The infiltrative lesions in OC were generally localised to the orbit and poorly demarcated, whilst those in IFOI were infiltrative or expansile/mass-like lesions invading the orbital apex from the adjacent paranasal sinuses. Six cases (54.5%) of OC had discrete orbital collection(s) (I.e., subperiosteal abscess or intra-orbital abscess) (Fig. 6). Only one IFOI case (9.1%) demonstrated a lacrimal gland abscess, as evidenced by a peripherally contrast-enhancing collection (Fig. 7) (p value = 0.063). This case also demonstrated lacrimal gland enlargement, contrast-enhancement and loss of distinct margins, and was the only case of lacrimal gland involvement observed in IFOI. Meanwhile, lacrimal gland involvement (8/11, 72.7%) was more common in OC, as demonstrated by enlargement, contrast-enhancement and/or loss of distinct margins (p = 0.008).
Orbital imaging of a 26-year-old male with right orbital cellulitis. A Demonstrates proptosis and, diffuse contrast-enhancement of pre-septal tissues, extra- and intraconal orbit fat on T1 FS CE (Solid circle). There is mucosal thickening in the ethmoid sinuses. B Again demonstrates disease in the ethmoidal sinus, along with opacification of the left maxillary sinus. There is a peripherally contrast-enhancing collection in the superior orbit, along with right frontal lobe abscess and sub-galeal abscess on T1 FS CE (Solid arrow)

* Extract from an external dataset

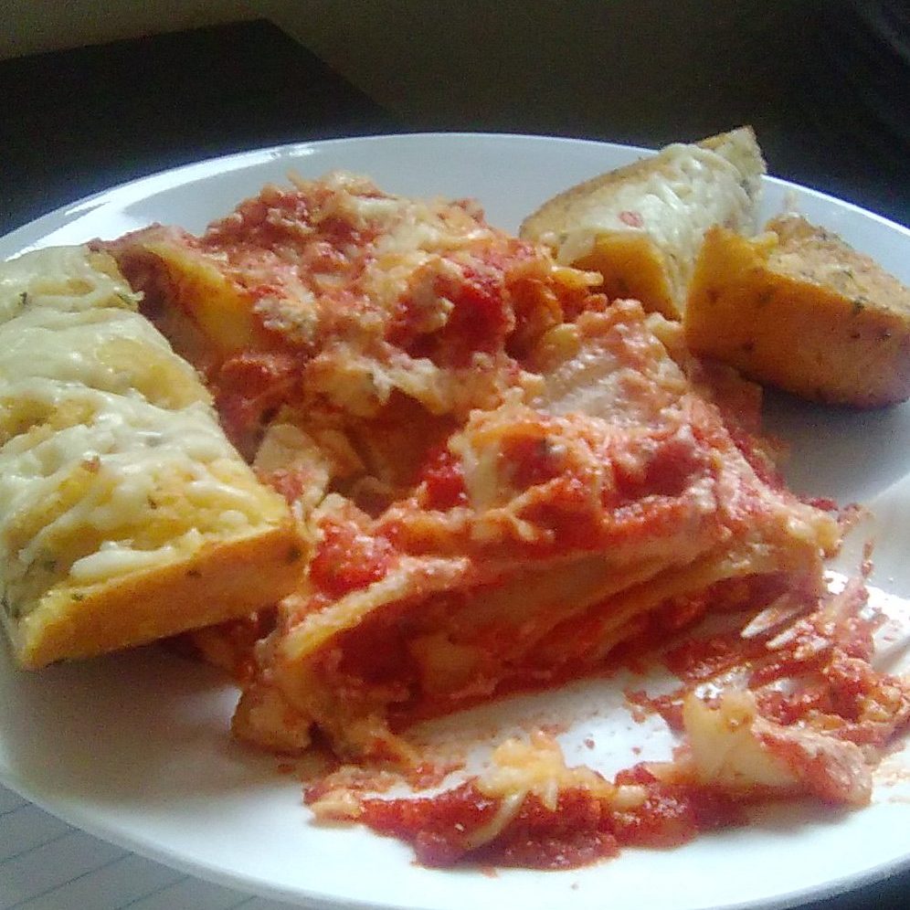 The Lasagna I am posting was made by someone else, but damn, it was freaking tasty! My poor little flip phone could scarcely capture its divinity! And of course, where there is a Lasagna, there ought to be delicious garlic bread, to boot. AND THERE WAS!
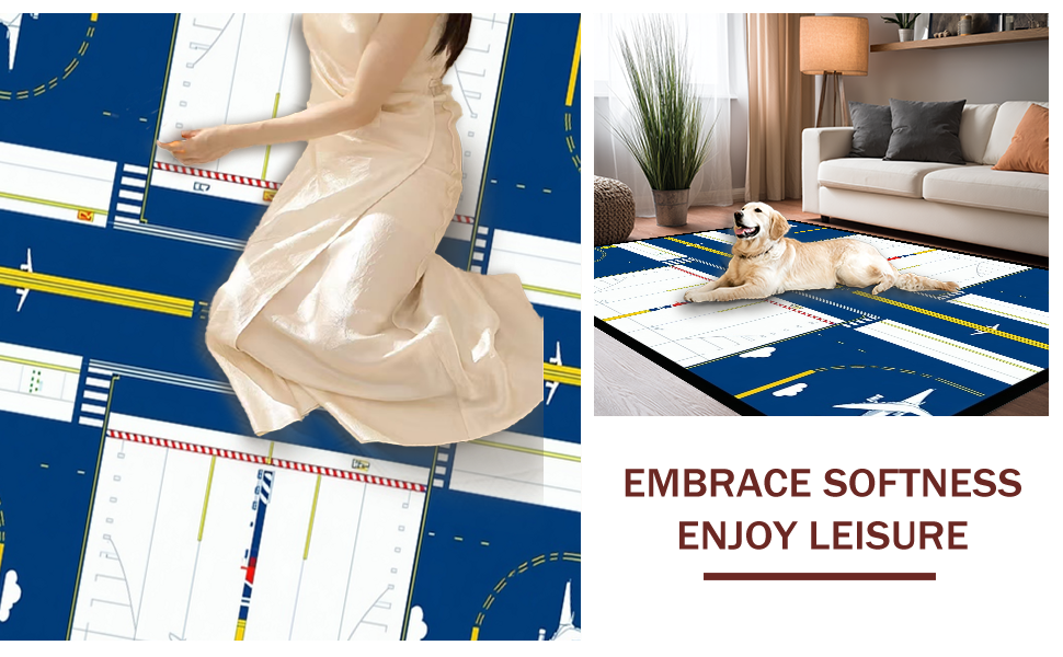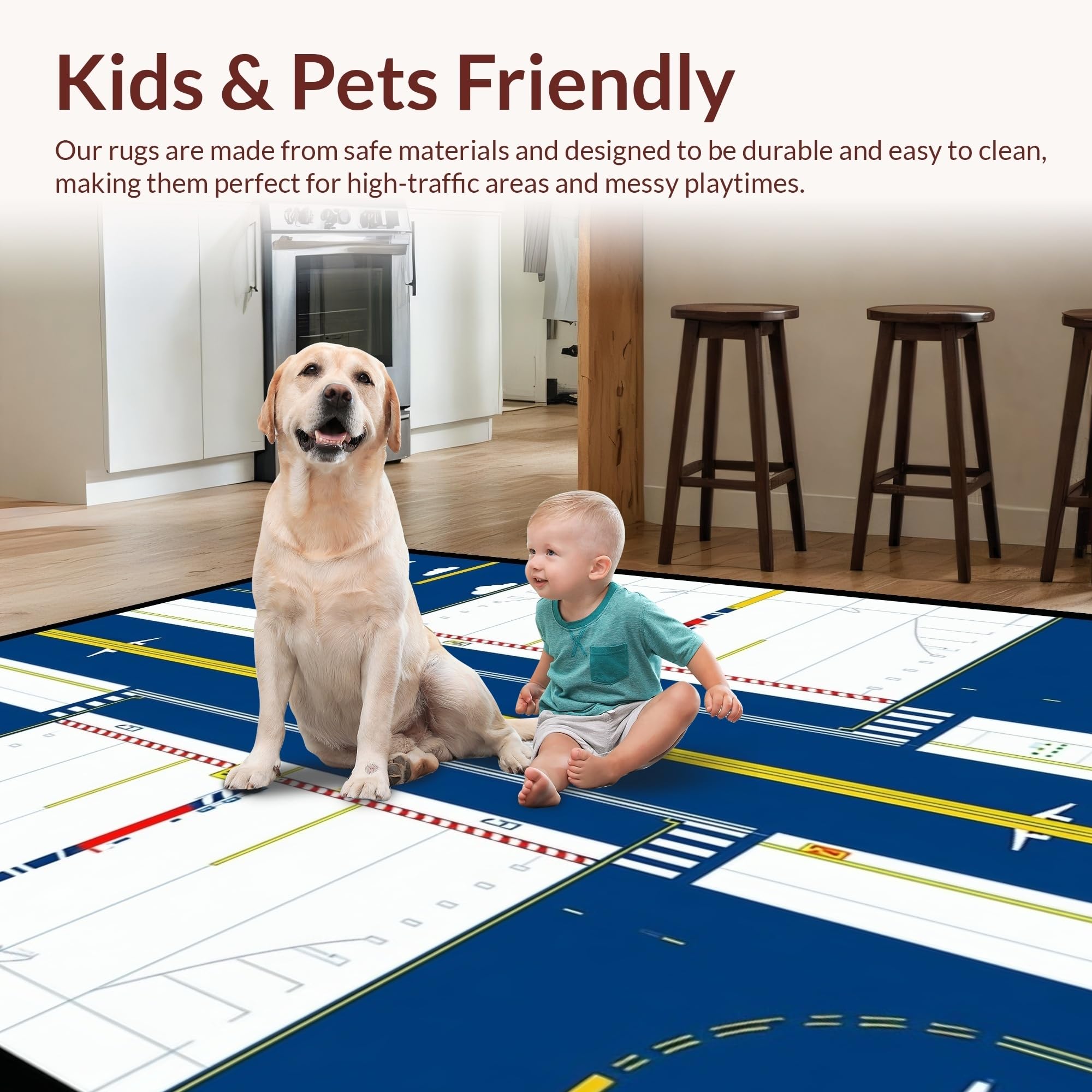 Ultra Soft Area Rug, Non Slip, Stain Resistant, Washable Area Rugs for Living Room, Bedroom, Aviation Inspired Playful Landscape(Blue) Overview:

Orbital imaging of a 77-year-old male with invasive aspergillosis involving the left orbit, however, with likely superimposed bacterial orbital cellulitis. A and B Demonstrate contrast-enhancement and loss of fat plane of the pre-septal tissues and lateral post-septal orbital fat on axial T1 FS CE and T1, respectively (Solid circles). C and D Demonstrates the lacrimal gland collection (Solid arrow) which is contiguous with intracranial extension and frontal lobe collections (Dashed arrow) on axial and coronal T1 FS CE
Abnormal EOM involvement in OC was observed as mild diffuse enlargement, contrast-enhancement, loss of distinct margins and heterogenous high T2 signal. EOM involvement in IFOI occurred near the orbital apex as contiguous infiltrative inflammation, typically in the absence of abnormal signal changes, contrast-enhancement or enlargement (due to infiltrative mass obscuring EOM margins). In one IFOI case, there was LoCE of the EOMs at the apex, contiguous with an infiltrative orbital mass from adjacent sinonasal disease (Fig. 1).
Optic nerve and/or sheath changes, as demonstrated by contrast-enhancement on T1 FS CE, were observed in eight (72.7%) cases of IFOI compared to five (45.5%) cases of OC (p value = 0.387). Orbital apex involvement in IFOI was typically seen as an invasive infiltrative mass extending from adjacent paranasal sinuses, with/without LoCE. Meanwhile, orbital apex involvement in OC was demonstrated by contrast-enhancement and abnormal T2 signal changes, in the orbital fat and/or EOM.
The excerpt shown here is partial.